Beginning with the line that contains "A diversão off-road" and ending with the line that contains "방법을 쉽게 알아보세요!", reproduce the lines of the entries below exactly, omitting pictures.

Data extracted from a collection:
= = =
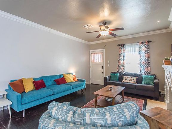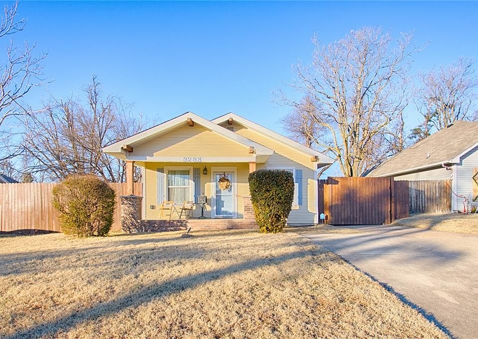 This will cared for 100-year-old bungalow has LOTS of modern updates. The kitchen and bathrooms have granite countertops. The kitchen has a large center island and the bathroom showers are professionally tiled. There are original hardwood floors throughput the home, with carpet in the master suites and ceramic tile floors in the kitchen and bathrooms. This home has an open floor plan with and archway between the kitchen and dining area. With high ceilings and crown molding throughout this home a spacious and polished feel. other PLUSES included updated plumbing and electrical work along with a brand-new Lennox XC25 AC Unit and NEW Duct Work installed in 2020. There is a privacy fence, and a spacious backyard for gardening or energetic children or pets to play in. There is an electric gate to the backyard and stand-alone garage. Centrally located in OCK charming Linwood Historic Neighborhood with quick access to I-44, I-40 and Downtown OKC. This is a must -see home.
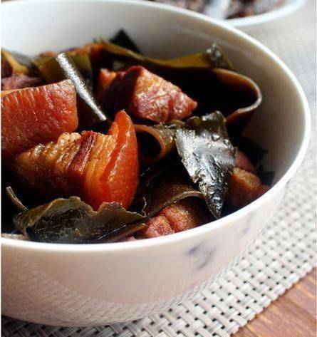 1、五花肉洗凈,切成麻將大小的塊備用;海帶切成三角形,入沸水中煮兩分鐘;瀝幹並放在一邊;燒開半鍋開水,備用;
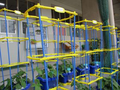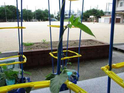 「しちゅう」をつけてもらったアサガオちゃんは早速、蔓を伸ばし始めました。
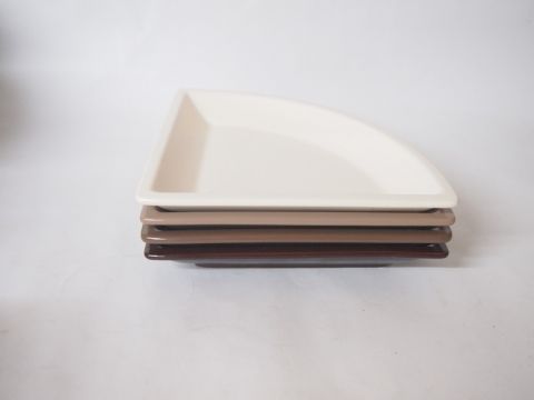 カジュアルなカラーのバリエーションがおしゃれなプレートです。4つを並べると丸型になります。
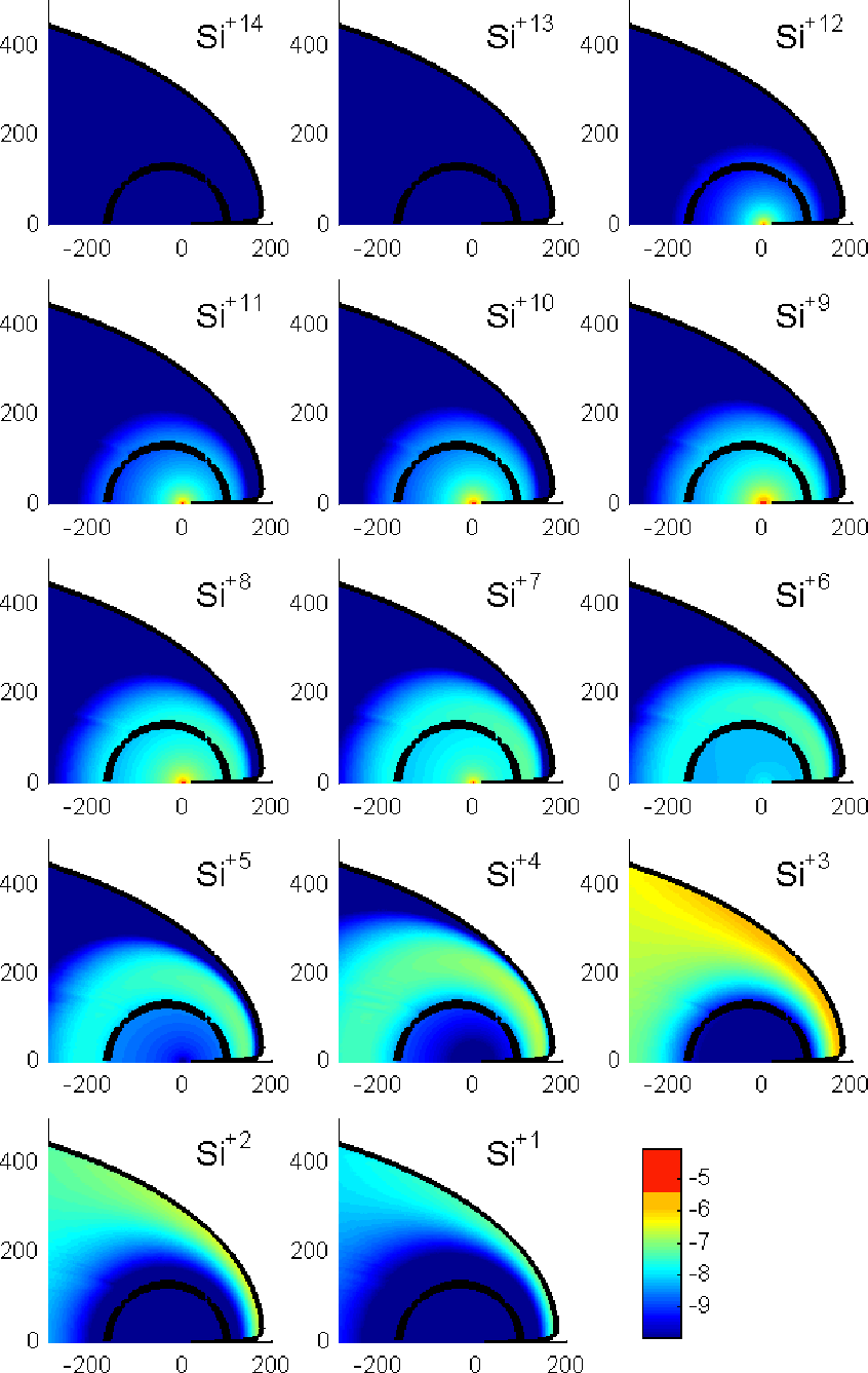 Figure 9: Heliospheric maps of density distributions (ions/cm3) of silicon ions in various ionization states under isotropization condition (density coding as in Fig. 2). (Scale in AU on both axes.) |
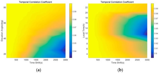 Figure 5 shows that the temporal correlation of high-elevation satellites during the night is strong. The coefficient for the elevation angle at 15° with a time constant of 100 s is 0.9998, which is the same as the value of the elevation angle at 85° with a time constant of 1000 s. The temporal correlation coefficient with 100 s time shift is also 0.9998 at 2 p.m., which can be obtained when the time constant is increased to 300 s at 10 p.m.
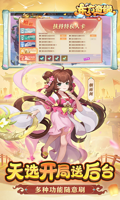一款3D自由飞行仙侠手游,精品画面品质,超酷炫的套装幻化,每日仙神妖魔多界混战,强力BOSS首领爆限量极品,多区服赛季对战争夺王座,进游永久享受所有充值档位打0.1折,即充值648只需要6.48元!升级即送真充卡激活线上充值活动,日常打怪红装、幻化爆不停。
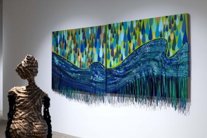 It’s a pleasure to present our upcoming solo exhibitions of John Paul Morabito—Our Lady of the Bathhouse and Jamie Vasta—House of Roses. The pairing of their one-person exhibitions provides the viewer an opportunity to delve into each artists’ remediation of art history through their respective media as they subvert treasured iconic paintings. Using nontraditional materials (Jamie Vasta, glitter and glue; John Paul Morabito, weaving and beads), they redress classical imagery with the aim of empowering those removed from the annals of art history.
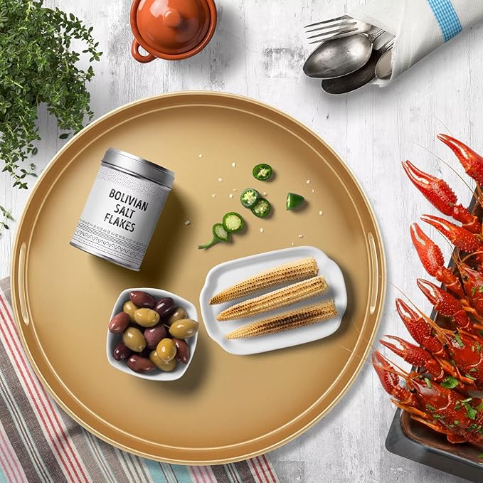 Gold Round Decorative Tray with Handles, 13" Versatile Serving Tray for Coffee Table, Ottoman, Ideal for Serving, Displaying, Organizing
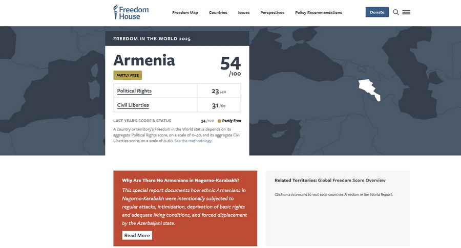 Freedom House միջազգային իրավապաշտպան կազմակերպությունը հրապարակել է «Ազատությունն աշխարհում 2025» տարեկան զեկույցը: Այն նաեւ վերլուծում է Հայաստանում իրավունքների, քաղաքացիական ազատությունների և արդարադատության վիճակը, անդրադառնալով դատական համակարգին, անվտանգությանը, հավասար իրավունքներին և անձնական ազատություններին: Ներկայացնում ենք մեր երկրին վերաբերող հատվածը:
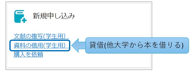 CiNii Booksで見つけた他大学の資料の借り受けを希望する場合(貸借依頼)には「資料の借用」を クリックします。
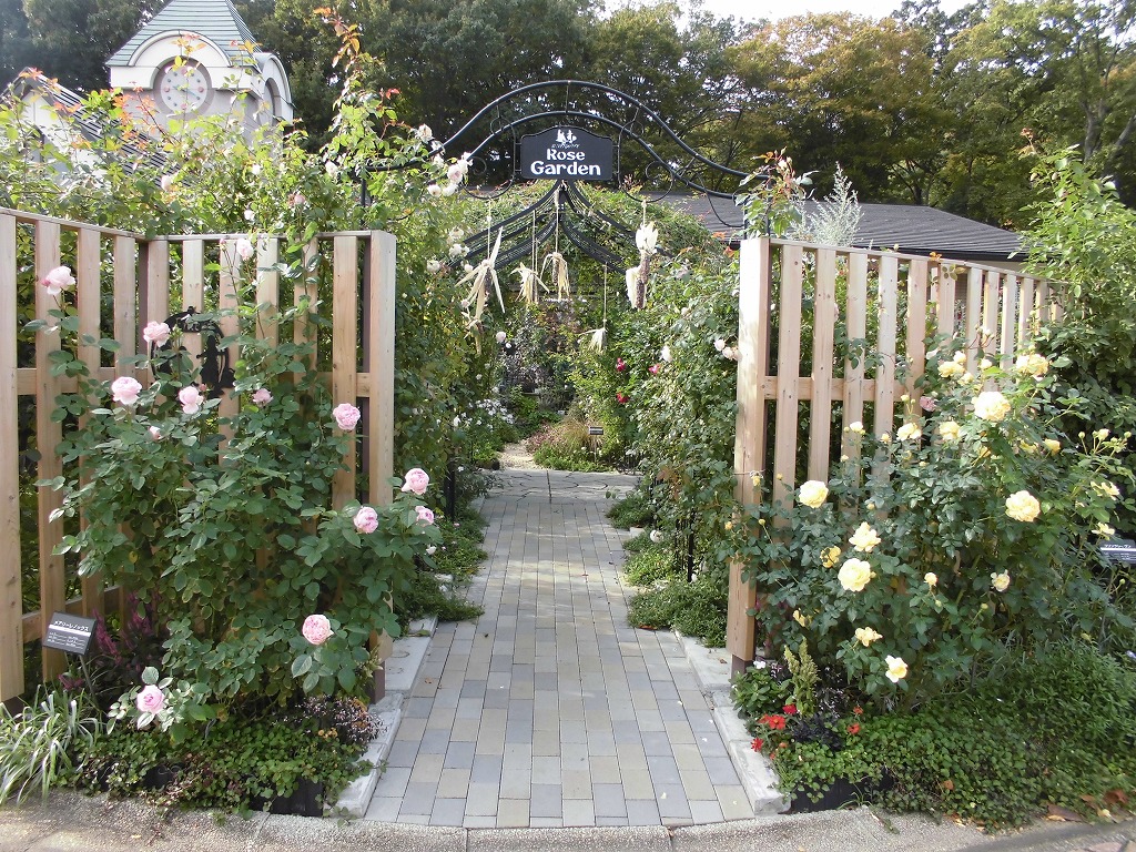 殿堂入りのバラ園の秋の花
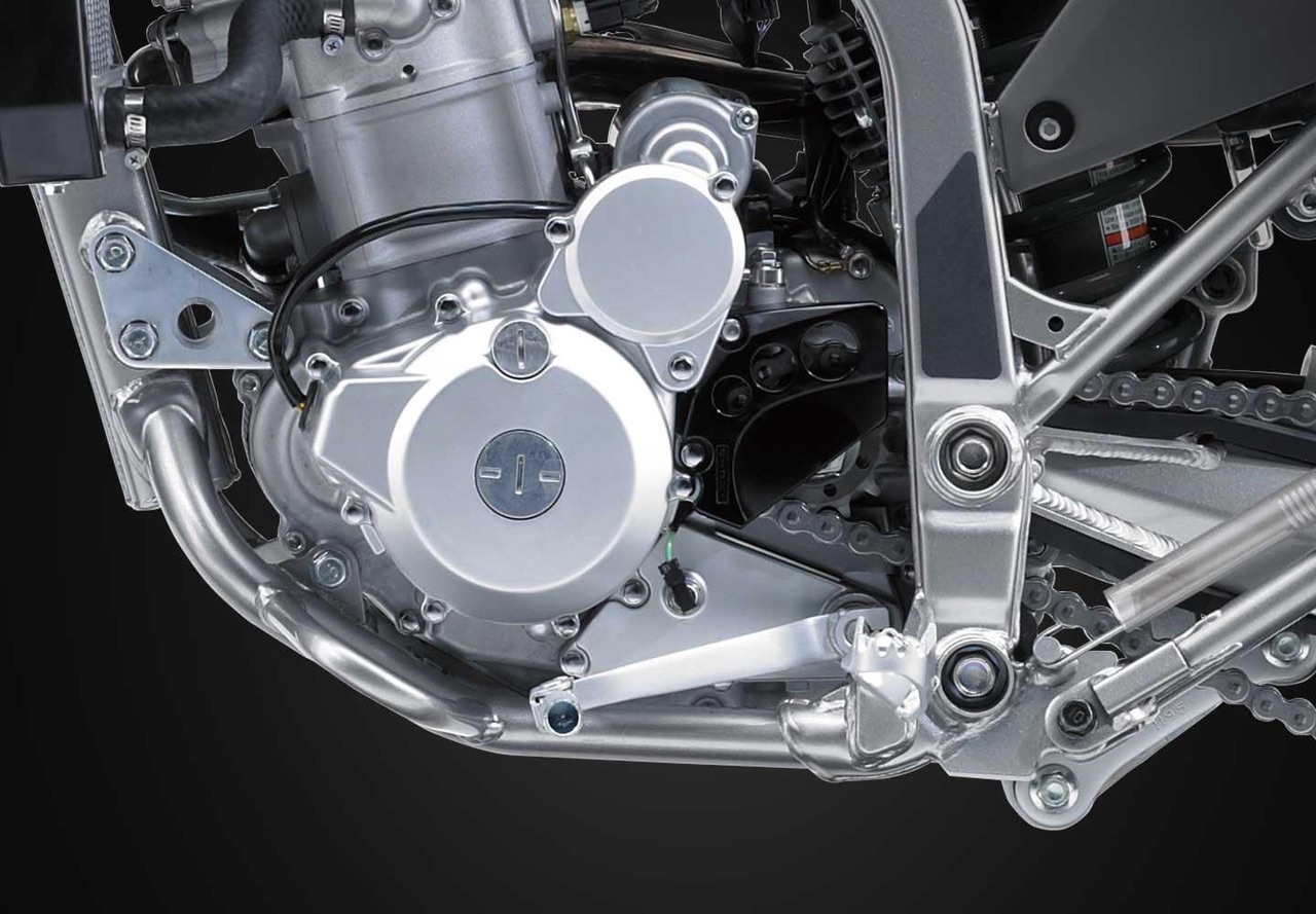 A diversão off-road começa com o Mono cilindro de quatro tempos de 292 cc com injeção de combustível, oferecendo resposta nítida, potência de rotação rápida e forte torque em baixas rotações. A KLX300R é construída com um motor projetado para suportar os rigores de uma trilha difícil.
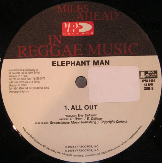 Elephant Man - Pon De River, Pon De Bank / All Out (12") US 2003 VG+
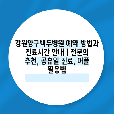 ✅ 강원양구백두병원 예약 방법을 쉽게 알아보세요!
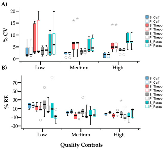 Box-plot representation for the results of the intra-day (n = 3) (A) precision and (B) accuracy for caffeine, theobromine, theophylline, and paraxanthine determined using calibration curves prepared in solvent (S) and plasma (P). Results for the precision study are expressed as the percentage of coefficient of variation (%CV) and for accuracy as the percentage of relative error (%RE). Each box plot represents determinations for five days. The circles and asterisks are outliers that represent cases having values more than 1.5 or three times the height of the boxes (interquartile difference Q3-Q1), respectively.
= = =
_TASK OUTPUT_
 A diversão off-road começa com o Mono cilindro de quatro tempos de 292 cc com injeção de combustível, oferecendo resposta nítida, potência de rotação rápida e forte torque em baixas rotações. A KLX300R é construída com um motor projetado para suportar os rigores de uma trilha difícil.
 Elephant Man - Pon De River, Pon De Bank / All Out (12") US 2003 VG+
 ✅ 강원양구백두병원 예약 방법을 쉽게 알아보세요!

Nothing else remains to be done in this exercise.